(PROVIDED MATERIAL):
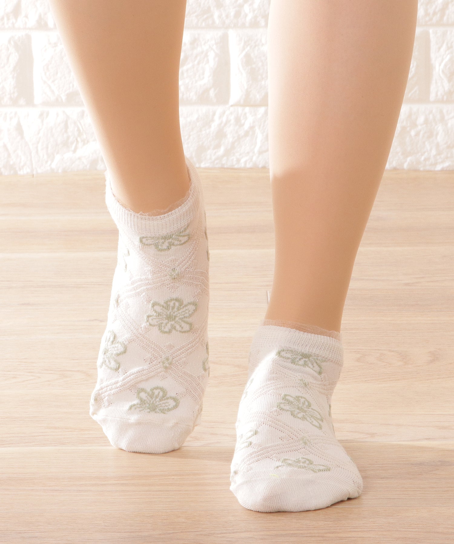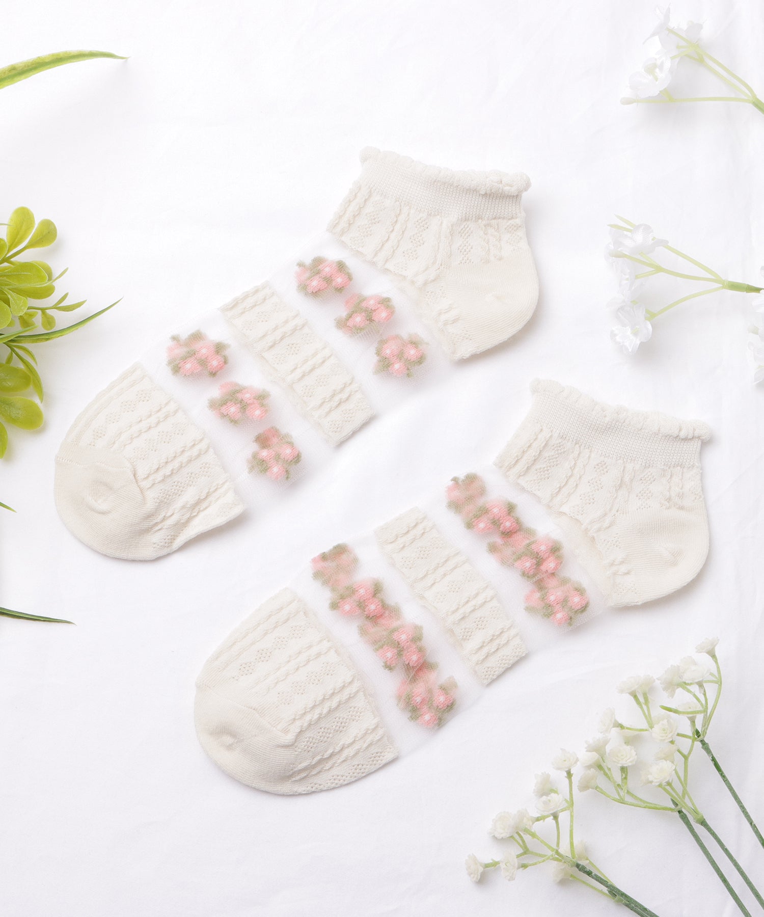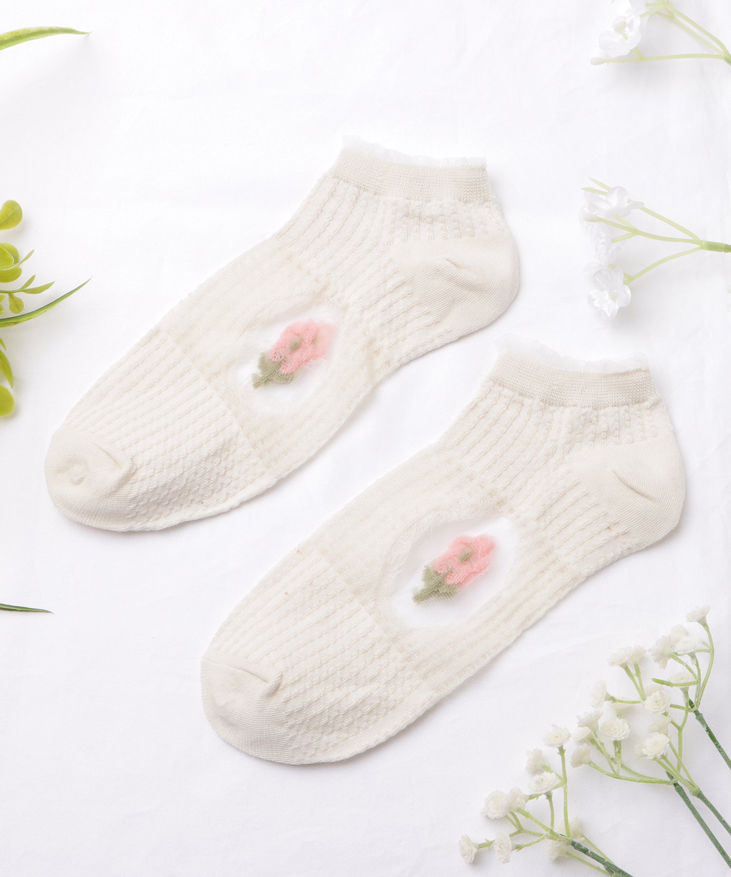 それぞれに表情の異なる、フラワーモチーフが可愛らしいバラエティソックスセット。
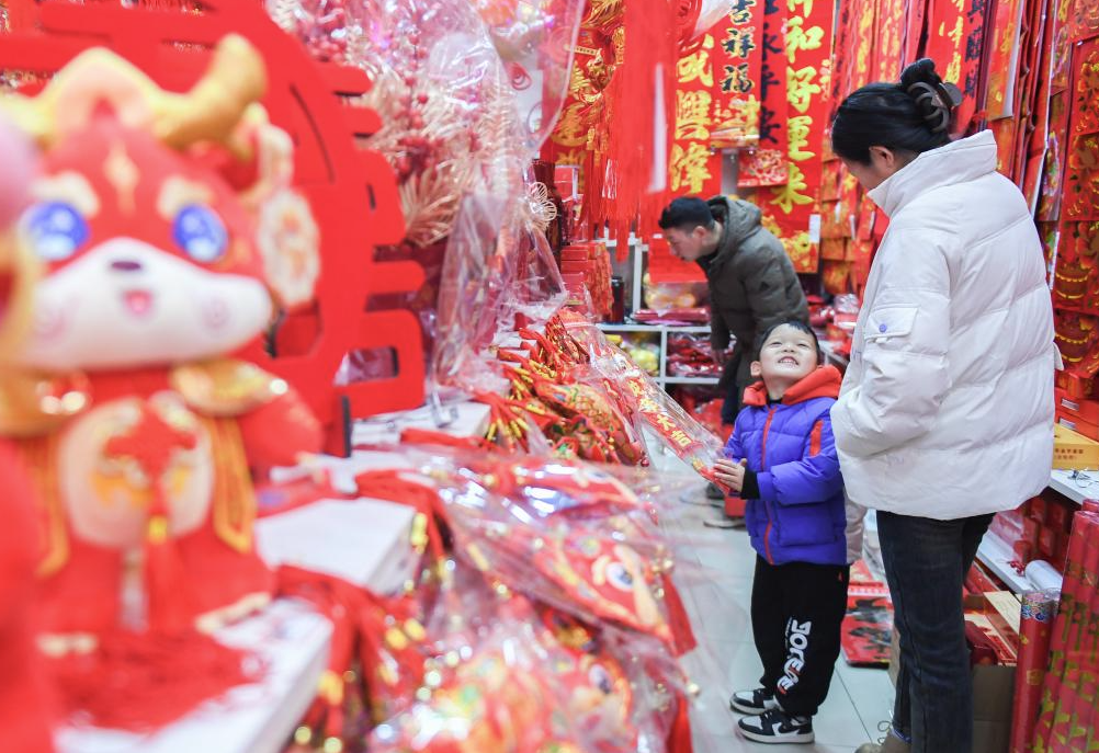 市民在汉口北国际商品交易中心挑选年货。新华社记者杜子璇 摄
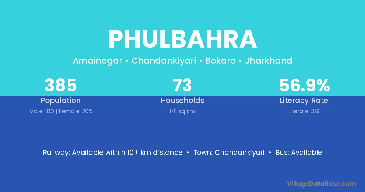 Phulbahra village has a total population of 385 people, of which 180 are males and 205 are females.
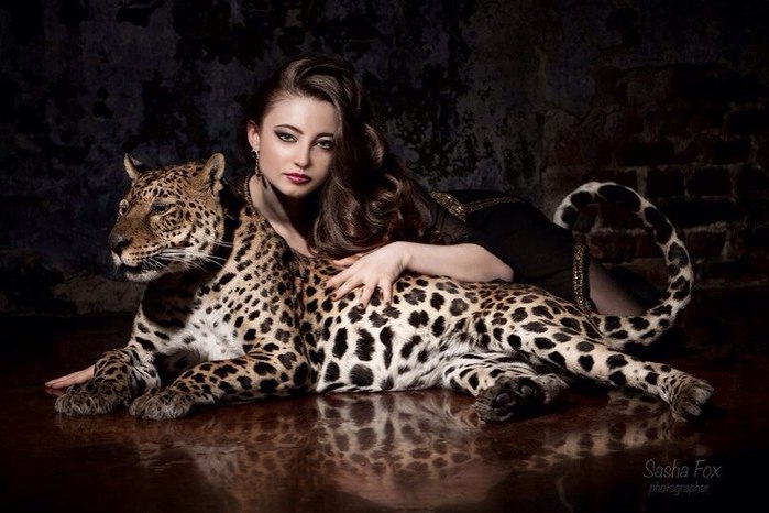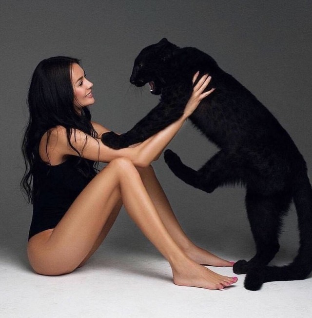 Девушка с черной пантеройДевушки

(TASK DETAILS): The output must start at the line holding "Phulbahra village has", end at the last line of the listing above, and show each line exactly; please omit all pictures.

(THE COMPLETED TASK):
 Phulbahra village has a total population of 385 people, of which 180 are males and 205 are females.
 Девушка с черной пантеройДевушки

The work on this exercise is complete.